Britain's green spaces have been massively degraded, the president of the Royal Geographical Society (RGS) has said.

Although more than 98% of Great Britain has not been built on, farming for wind and sun and the planning of motorways and heavy utilities have changed the natural environment, geographer Nicholas Crane added.

He said the landscape imagined by historian William Hoskins in his seminal writing of the 1950s had changed dramatically.

Mr Crane said: "The real problem we are facing is not that we have not got lots of green space left, it is that it is massively degraded in terms of quality. So a lot of our green space is not very useful.

"We are farming now for wind and we are farming now for sun as well as for crops so the countryside has changed so green space does not mean the kind of green space, the countryside that (William George) Hoskins imagined for example back in the '50s, would have regarded as green space when he wrote The Making Of The English Landscape."
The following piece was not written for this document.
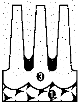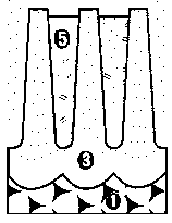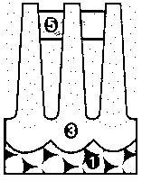 | 6.Electrolytic colouring combined with organic dyeing | ![]() | -Pretreatment-Anodizing (no special alloy)-Dyeing with higly-fast organic or inorganic dyes-Sealing* (Nt) | One colouring of matter at base of pores, the other incorporated in the coating; min. anodic coat thickness 20 pm | Virtually unlimited, muted shades, no white | Metallic character and surface appearance of the aluminum retained | Outstanding, no chalking | Hardly detectableA special protective treatment after sealing the dyeing prevents any loss of the coat thickness due to erosion | As above | Like normal electrolytic dyeings; no flakingThese coats are considerably harder than surface coatings | Impossible without dismantling (but alien retouching possible on the building) | As above |
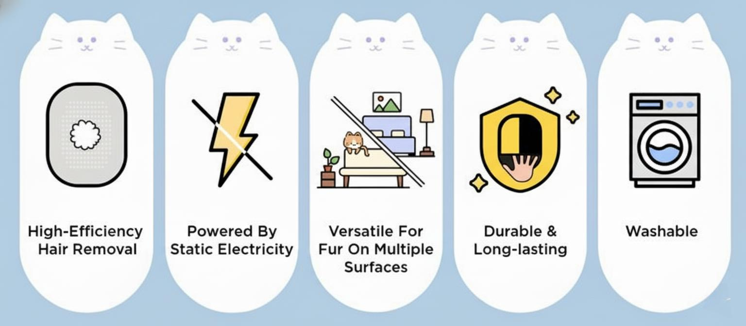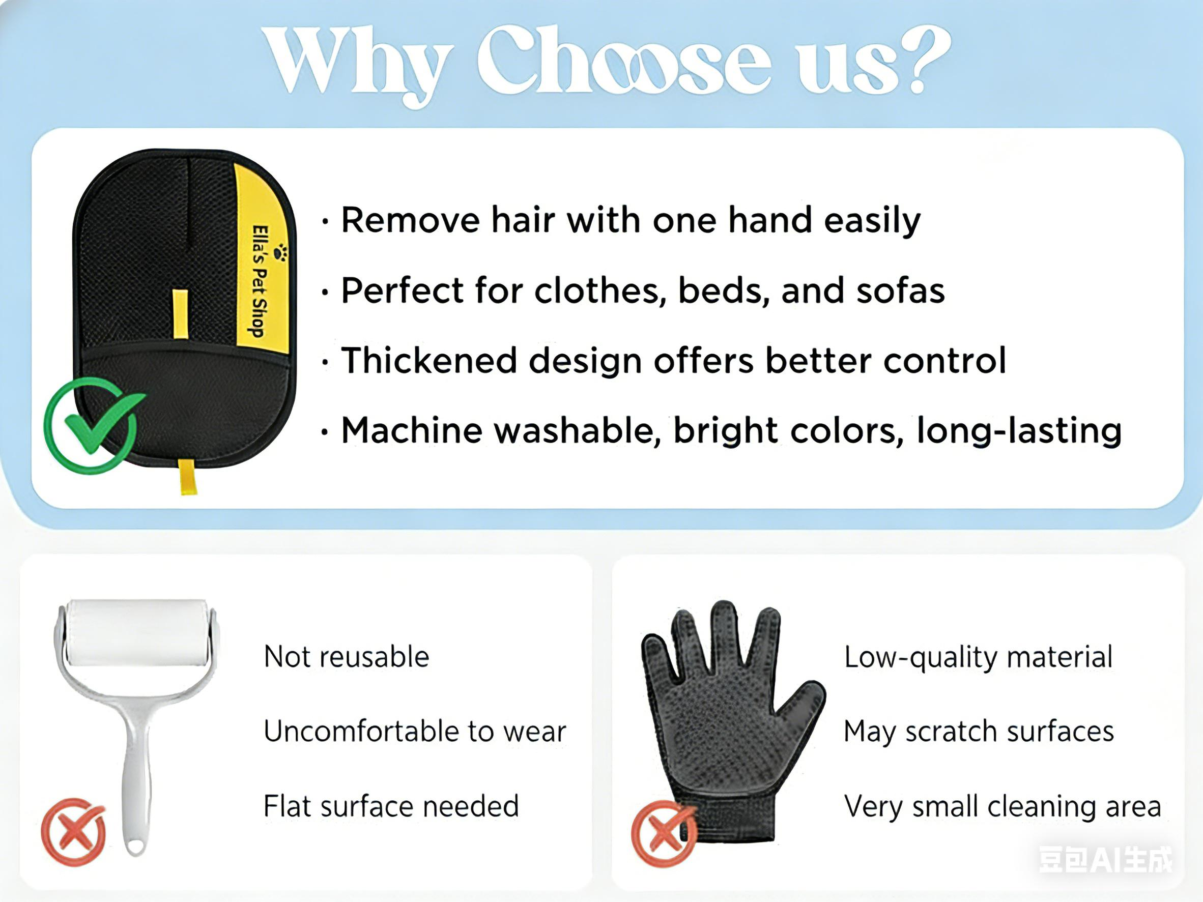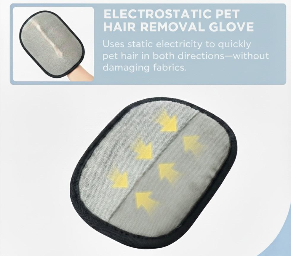 Say goodbye to sticky lint rollers! Our Pet Hair Removal Glove uses static electricity and a unique design to effortlessly collect pet fur. It's easy to use and highly effective at removing pet hair from clothes, furniture, and more. Say hello to hassle-free grooming! 🐾

Mr Crane has recently written a book entitled The Making Of The British Landscape which ranges from the Ice Age to the present. His Bafta-winning BBC Two TV series Coast has been hugely successful.

The broadcaster told a meeting of the RGS's Northern Ireland branch the definition of a green space had changed.

"It is massively degraded. I personally think the real imperative now is to improve the quality of this majority of green space that we have.

"It has a lot to do with looking after the soil quality, because we are growing crops on it, thinking very hard about building on green field sites and improving access to green space and taking care of things like run off and erosion."

As part of the Campaign to Protect Rural England, he previously argued that building on green field sites in the countryside - remote from jobs, services and public transport hubs - was no solution to the needs of an expanding population.

"It's not a sustainable, or a resilient, option."

He added: "It's time we revalued urban living as one of our most environmentally-friendly habits.

"Urbanisation is a positive trend; it minimises our impact on the planet.

"'Density,' as the UN Population Fund put it recently, 'is potentially useful.'

"Public transport, shared housing, jobs and so on are more available in towns and cities than they are in villages. Urbanisation concentrates human impacts into confined areas, with lower per capita carbon footprints."